Geoffrey was still tall, but he’d become very thin. And not been-to-the-gym-got-himself-in-shape-thin either. Skeletal thin; not eating thin; heartsick thin and it was almost enough to give her a little thrill of pleasure, to see he was still suffering.

“What the hell do you want?” She felt suddenly focused. The pain in her knee, which had been dull at best, burst into vibrant throbbing life. Anger flowed through her veins like molten silver. She was very much alert, alive and she owed it all to the rage Geoffrey conjured in her.

He seemed to realise it and his steps faltered. “I…I came to see you. And Simon.”

“I’m surprised you haven’t let yourself in, made yourself at home,” she snarled, gloved hands clutching at the gate.

“You took my key away.”

She’d forgotten that. It had been the same day she’d taken his name off the joint accounts, and cut up his credit card. The same day she’d watched him stuff as many clothes as he could into a big bag on wheels and listened to it thump down the stairs. The same day he’d come home from the hospital and spent a grand total of forty-five minutes packing up the bits of his fifteen-year marriage he wanted to keep. He took no photos, no keepsakes; just his thirty-two pairs of argyle socks and his collection of cotton boxers, his jeans, sneakers and sweaters and polo shirts. He’d left his suits and his business shirts and the three pairs of leather shoes, which had given off a stench when Caroline burned them all in the back yard later that afternoon, watching the flames flare and glare and crackle and burst.

Now he was back with a “Hello, Caroline” as if they were meeting for coffee.

“And anyway, I knocked. I knocked a lot.

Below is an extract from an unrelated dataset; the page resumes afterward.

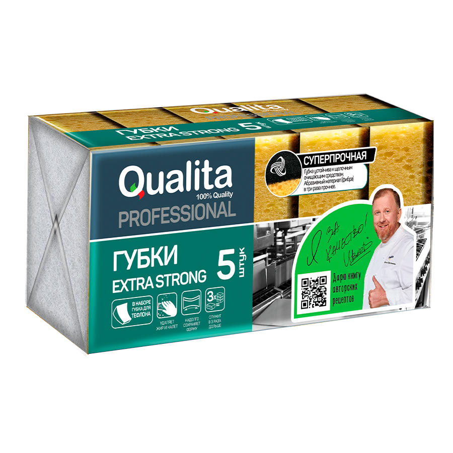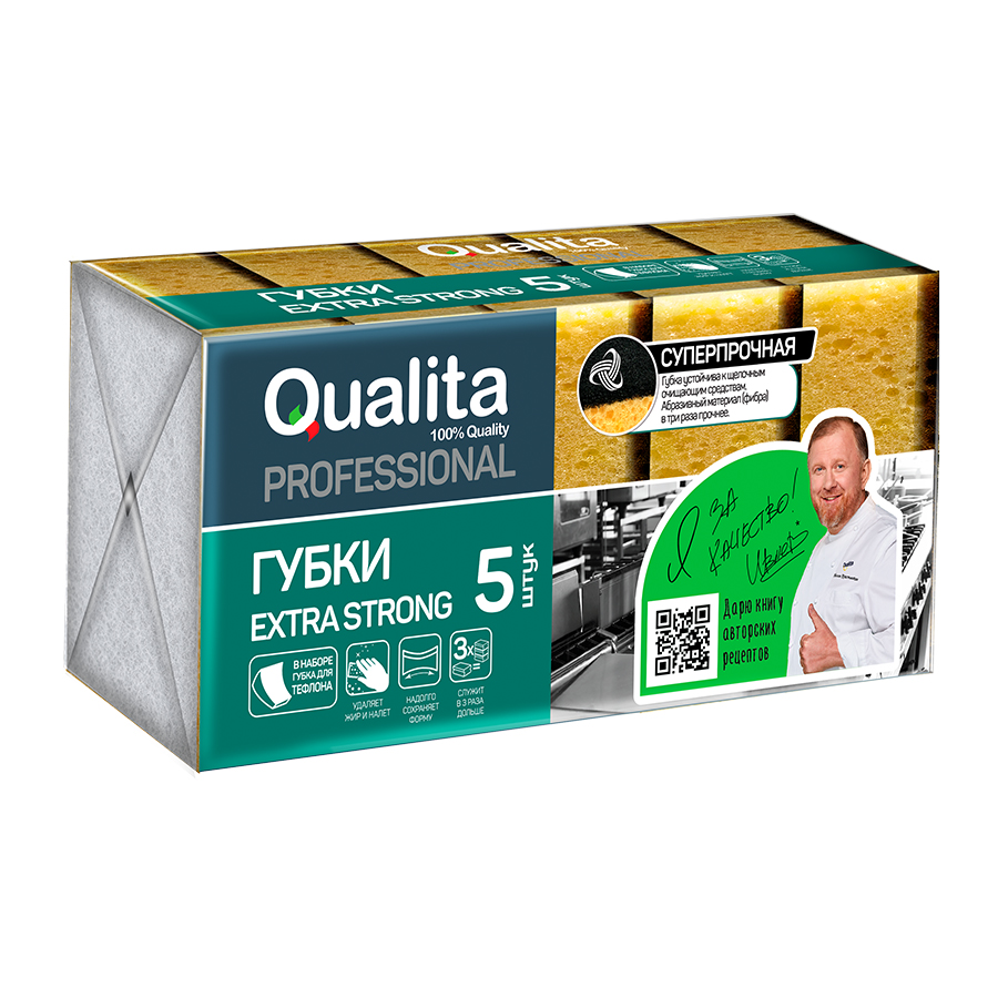 QUALITA Губки кухонные EXTRA STRONG 5шт

I could hear music and someone moving around inside—is it Simon? It must be Simon—I kept up with the coverage, so I know he’s home—but no one answered the door. So I thought I’d wait.”

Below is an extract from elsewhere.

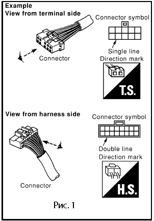 Рядом с рисунком разъёма располагается обозначение с какой стороны разъёма его рассматривать, со стороны контактов (Terminal Side) (T.S.) или со стороны жгута (Harness Side) (H.S.). Обратите внимание, что контур разъёма, где контакты рассматриваются со стороны проводов обведён линией.

“Simon doesn’t answer the door. He doesn’t go out anymore, Geoffrey,” she said in a tone that told him these were important things to know. “Our son doesn’t have a life anymore.”

She bit her tongue and stopped herself from adding: We don’t have a son anymore.

“I thought…I thought I’d like to see him.”

“You thought? You thought?” Her voice began to rise. Soon only dogs will be able to hear me. She had to bite down on the giggles that threatened. “When did you start thinking, Geoffrey, about anyone but yourself?”